From 1849 he studied medicine in Zurich and then mathematics in Königsberg and at the University of Berlin , where he received his doctorate in 1859 under Ernst Eduard Kummer ( De aequilibrio fluidorum ). He was initially a teacher in Berlin from 1861 to 1865 at the Friedrich-Werderschen Gymnasium . After his habilitation in 1865 at the University of Heidelberg , he was a lecturer and from 1868 an associate professor. In 1869 he became a full professor in Freiburg im Breisgau , in 1874 in Tübingen and in 1884 at the Technical University in Berlin .

The focus of his mathematical work was on the theory of differential equations . He became known, however, through his work on Fourier series from 1873, in which he showed the existence of a continuous function whose Fourier expansion diverges at one point. In doing so, he refuted a presumption by Dirichlet that had long been considered certain . It wasn't until about 90 years later that Lennart Carleson proved that the Fourier expansion of a continuous function converges almost everywhere . Du Bois-Reymond proved the fundamental lemma of the calculus of variations in 1879 .

Du Bois-Reymond as a private lecturer in Heidelberg

Du Bois-Reymond also dealt with fundamental questions of mathematics and was the first to give a careful proof of the mean value theorem of integral calculus . In his book General Theory of Functions , du Bois-Reymond criticizes the metaphysical presuppositions and deficiencies in justification of mathematical "Platonism" and opposes a kind of empirical standpoint.

He died of chronic kidney disease on a trip to Freiburg in April 1889 and was buried in the Old St. Matthew Cemetery in Berlin-Schöneberg (grave leveled, bronze portrait medallion, presumably modeled by Eduard Lürssen , preserved in private ownership in Berlin).

In 1874 he became a member of the Bavarian Academy of Sciences in Munich, in 1883 he was elected a member of the Leopoldina .
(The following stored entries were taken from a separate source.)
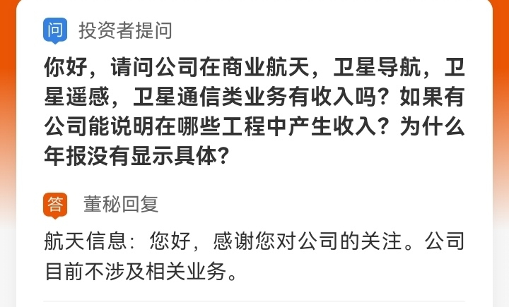 航天工程发出提示,公司主营业务不涉及商业航天。一夜之间好像都与航天板块无关了,让人摸不着头脑。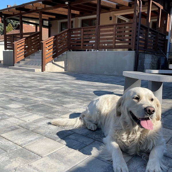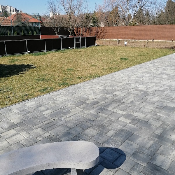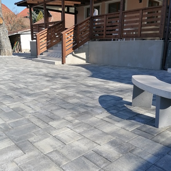 A modern, borovi fenyő teraszhoz keresett a vevő egy prémium minőségű, letisztult térkövet. Választása a Maroskő 6 Grafit termékünkre esett, amely tökéletes kontrasztot alkot a füvesített területtel.
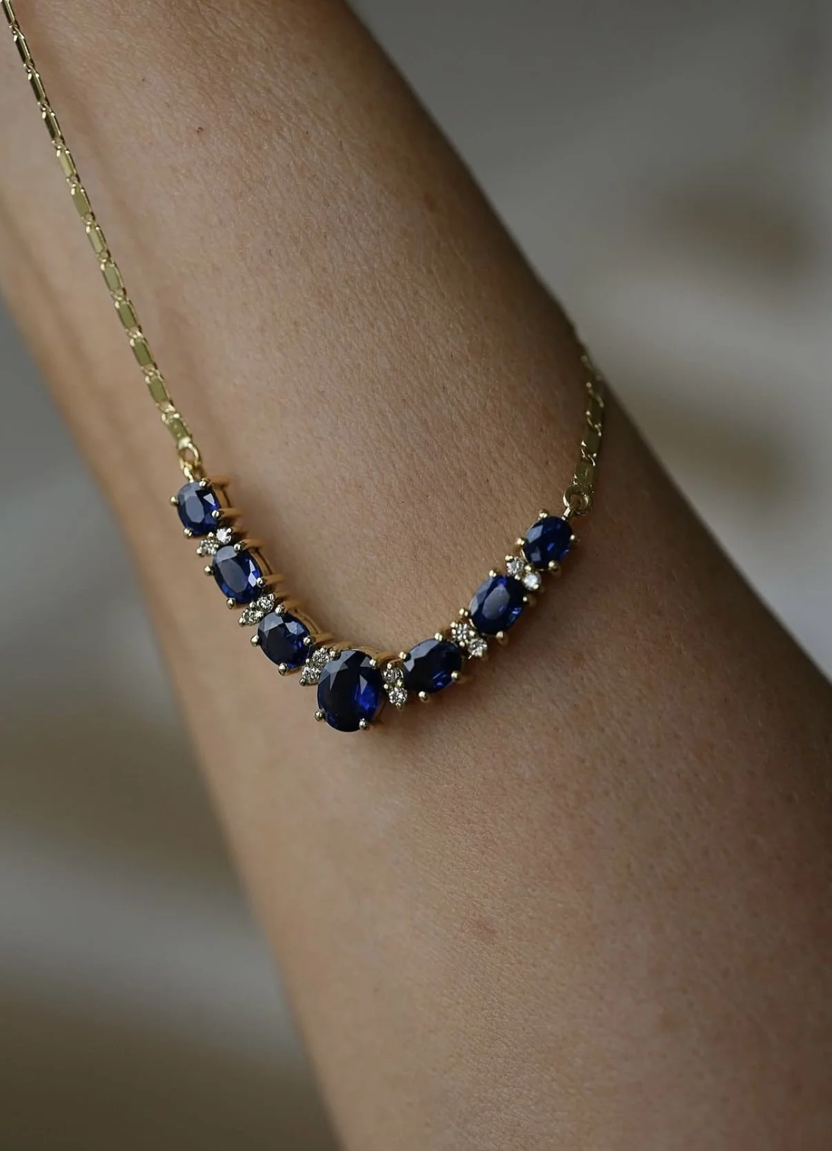 New in! Stunning Sapphire x Diamond Necklace 18K Gold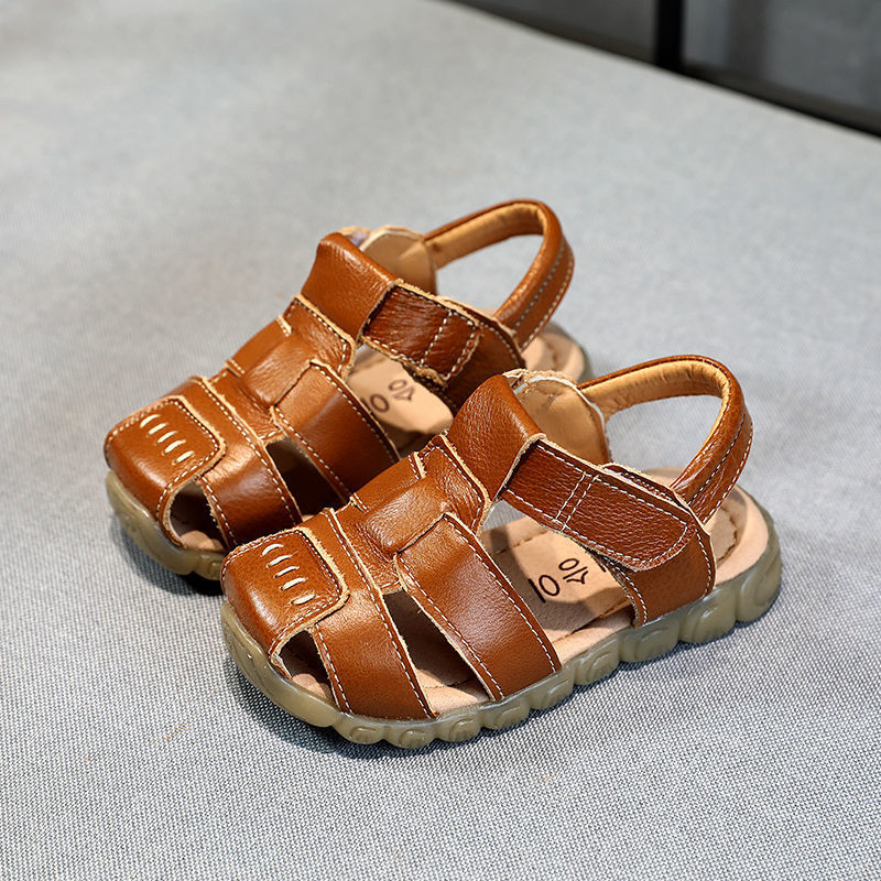 남아용 가죽 샌들, 여름 중대형 어린이용 부드러운 밑창 미끄럼 방지 어린 소년용 해변 신발, 어린이용 아기 신발, 유치원스토어 가기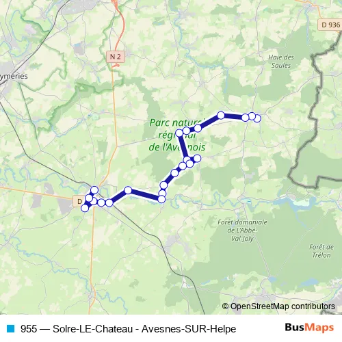 Click here to view the nearest 955 - Solre-LE-Chateau - Avesnes-SUR-Helpe bus stop.

His doctoral students include Carl Cranz , Otto Hölder and Rudolf Mehmke .

Works

  • About the Fourier series. in: News of the Royal Society of Sciences and the Georg August University of Göttingen. Goettingen 1873.
  • A new theory of the convergence and divergence of series with positive terms. in: Journal for pure and applied mathematics . Berlin 76.1873, pp. 61-91. ISSN  0075-4102
  • General function theory. Tuebingen 1882.
  • Via linear partial differential equations of the 2nd order. in: Journal for pure and applied mathematics. Berlin 104.1889, pp. 241-301. ISSN  0075-4102
  • About the foundations of knowledge in the exact sciences. Tübingen 1890.

literature

Web links

Individual evidence

  1. Appointment , in the Centralblatt der Bauverwaltung , No. 43, October 25, 1884, p. 446, accessed on January 1, 2013
  2. Dubois-Reymond, Explanatory Notes on the Beginnings of the Calculus of Variations, Mathematische Annalen, Volume 15, 1879, pp. 283-314, here pp. 297, 300
  3. ^ Oskar Bolza, lectures on the calculus of variations, Teubner 1909, p. 26. According to Bolza, the oldest proof comes from Friedrich Stegmann , textbook of the calculus of variations, Kassel 1854, but there are more restrictive assumptions.